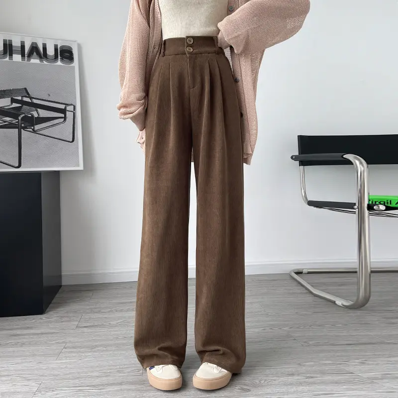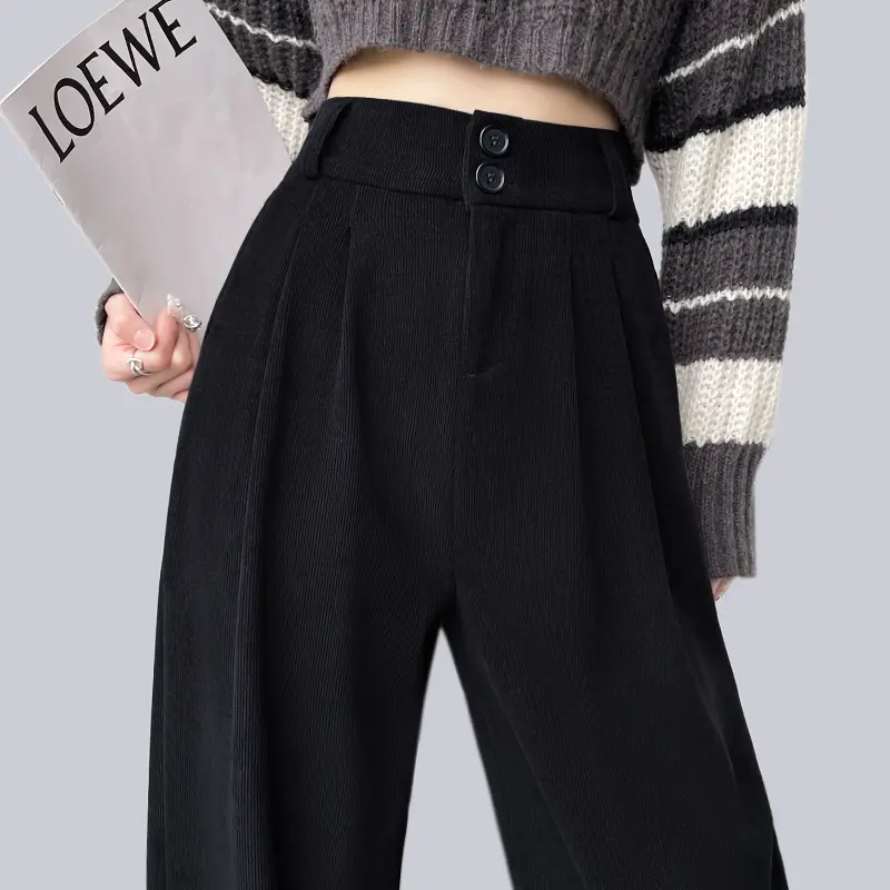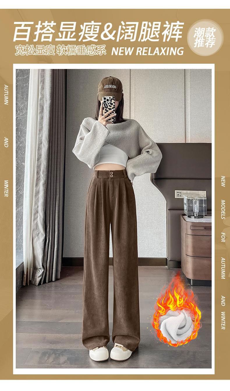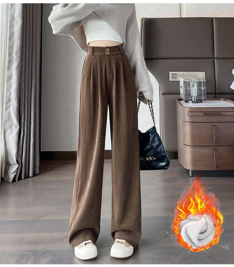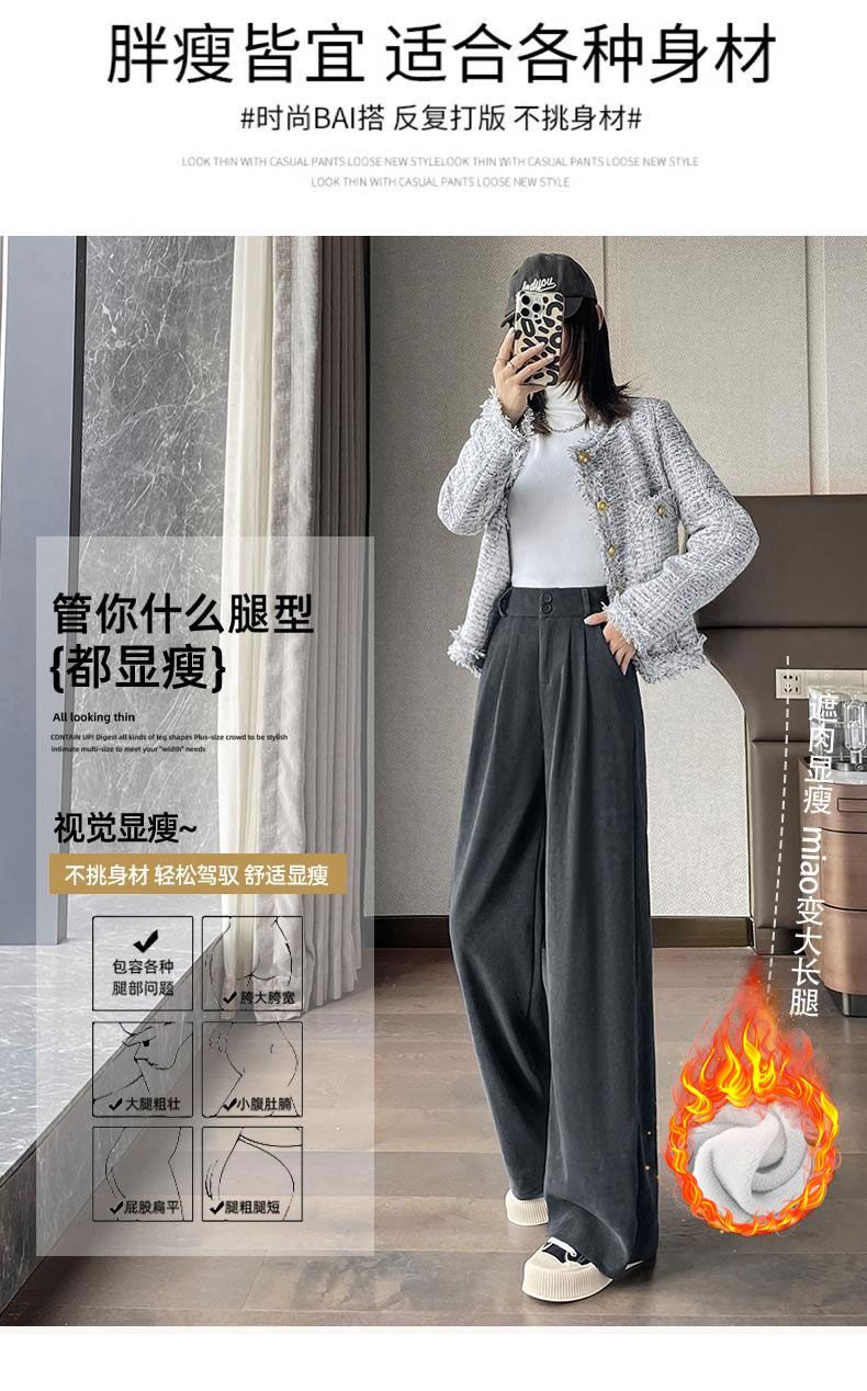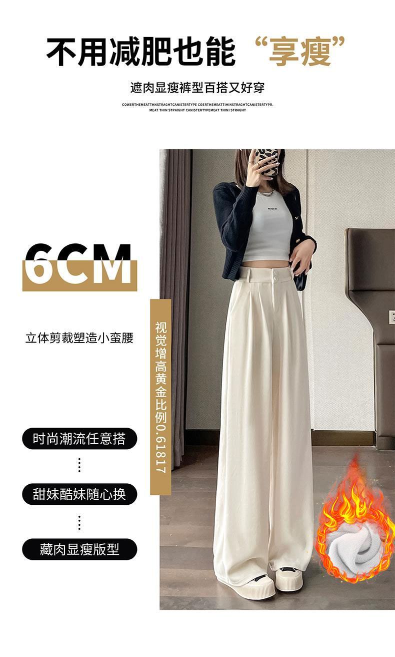 MY15823# 欧棉绒阔腿裤女新款高腰直筒显瘦西装休闲加厚加绒裤子女裝貨源服裝批發
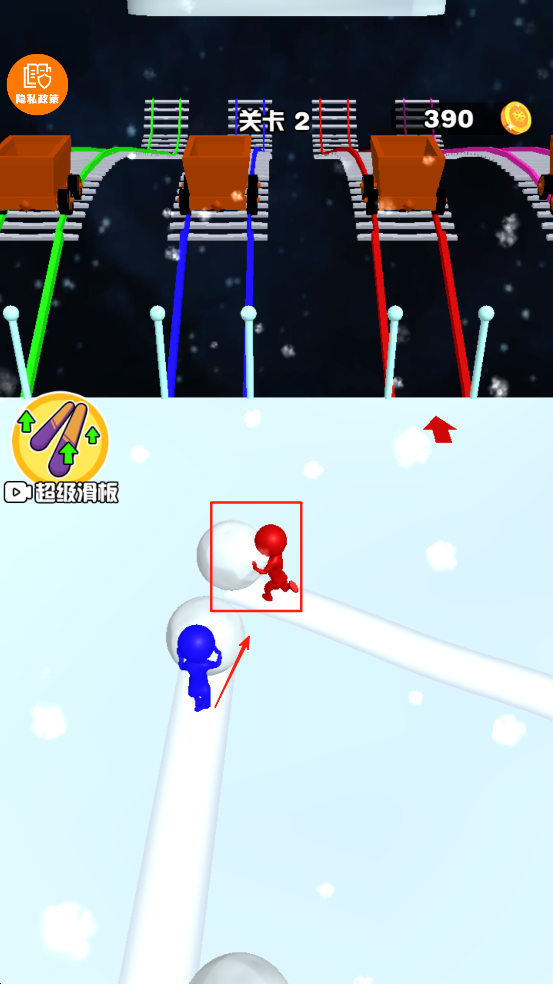 3.到达桥梁区域时,需要将雪球推入缝隙并铺路。如果雪球不小于目标大小,就无法完成,这就考验你的计划能力了。
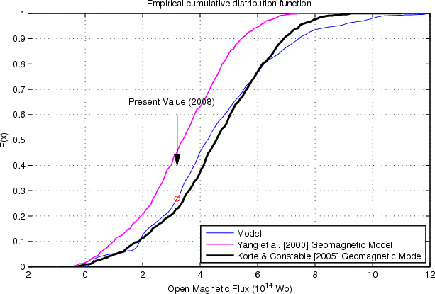 Figure 6: Comparison of the empirical cumulative distribution functions, F(x), of the open flux. The blue line is the distribution of the modeled open flux based group sunspot number (Hoyt & Schatten 1998). Red and black lines are distributions of the open flux based on 14C data (Usoskin et al. 2007) derived from paleo-geomagnetic reconstructions of Yang et al. (2000) and Korte & Constable (2005), respectively. The 2008 annual average is indicated by the red circle. |
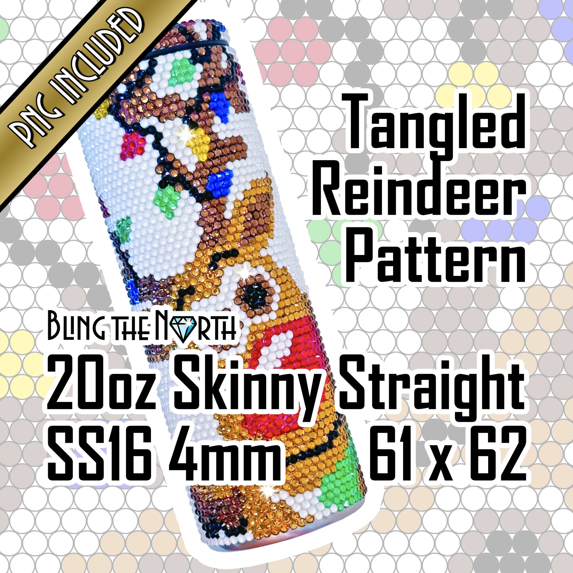 TANGLED REINDEER Rhinestone Pattern Template | SS16 4mm - 20oz Skinny Straight Tumbler Design | PNG for Sublimation or Vinyl
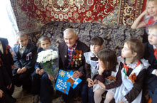На сегодняшний день у нас в деревне остался один ветеран войны – Борисов Павел Николаевич. Учащиеся частые гости в доме ветерана. Вот и сегодня учащиеся первого и второго классов побывали в гостях у ветерана (учителя Трофимова Л.М., Еферова Л.А.). Дети поздравили ветерана с праздником, вручили цветы, подарки, сделанные своими руками. -
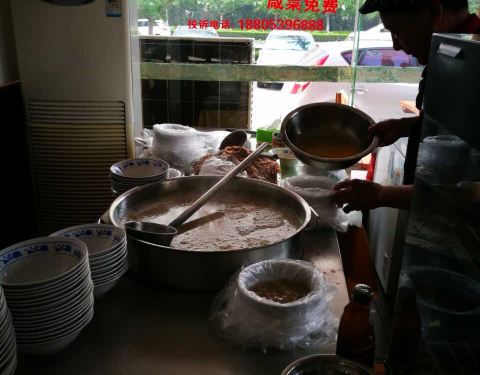 楼下的,品牌店,早上走有最低5元一碗。全天都有。10点以后最低10元。烤牌和馓子配着最好。
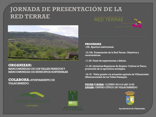 TerraeEl Centro Cívico de Villacarriedo acogerá este jueves, 12 de junio, una jornada informativa para presentar la Red Terrae, o Red de Tierras (Asociación Intermunicipal Territorios Reserva Agroecológicos) a toda la población interesada en conocer esta iniciativa.

------------------------------

# The task:
Nothing but the records above, exact and without pictures, should appear in the answer.

# Answer section:
 MY15823# 欧棉绒阔腿裤女新款高腰直筒显瘦西装休闲加厚加绒裤子女裝貨源服裝批發
 3.到达桥梁区域时,需要将雪球推入缝隙并铺路。如果雪球不小于目标大小,就无法完成,这就考验你的计划能力了。
 Figure 6: Comparison of the empirical cumulative distribution functions, F(x), of the open flux. The blue line is the distribution of the modeled open flux based group sunspot number (Hoyt & Schatten 1998). Red and black lines are distributions of the open flux based on 14C data (Usoskin et al. 2007) derived from paleo-geomagnetic reconstructions of Yang et al. (2000) and Korte & Constable (2005), respectively. The 2008 annual average is indicated by the red circle. |
 TANGLED REINDEER Rhinestone Pattern Template | SS16 4mm - 20oz Skinny Straight Tumbler Design | PNG for Sublimation or Vinyl
На сегодняшний день у нас в деревне остался один ветеран войны – Борисов Павел Николаевич. Учащиеся частые гости в доме ветерана. Вот и сегодня учащиеся первого и второго классов побывали в гостях у ветерана (учителя Трофимова Л.М., Еферова Л.А.). Дети поздравили ветерана с праздником, вручили цветы, подарки, сделанные своими руками. -
 楼下的,品牌店,早上走有最低5元一碗。全天都有。10点以后最低10元。烤牌和馓子配着最好。
 TerraeEl Centro Cívico de Villacarriedo acogerá este jueves, 12 de junio, una jornada informativa para presentar la Red Terrae, o Red de Tierras (Asociación Intermunicipal Territorios Reserva Agroecológicos) a toda la población interesada en conocer esta iniciativa.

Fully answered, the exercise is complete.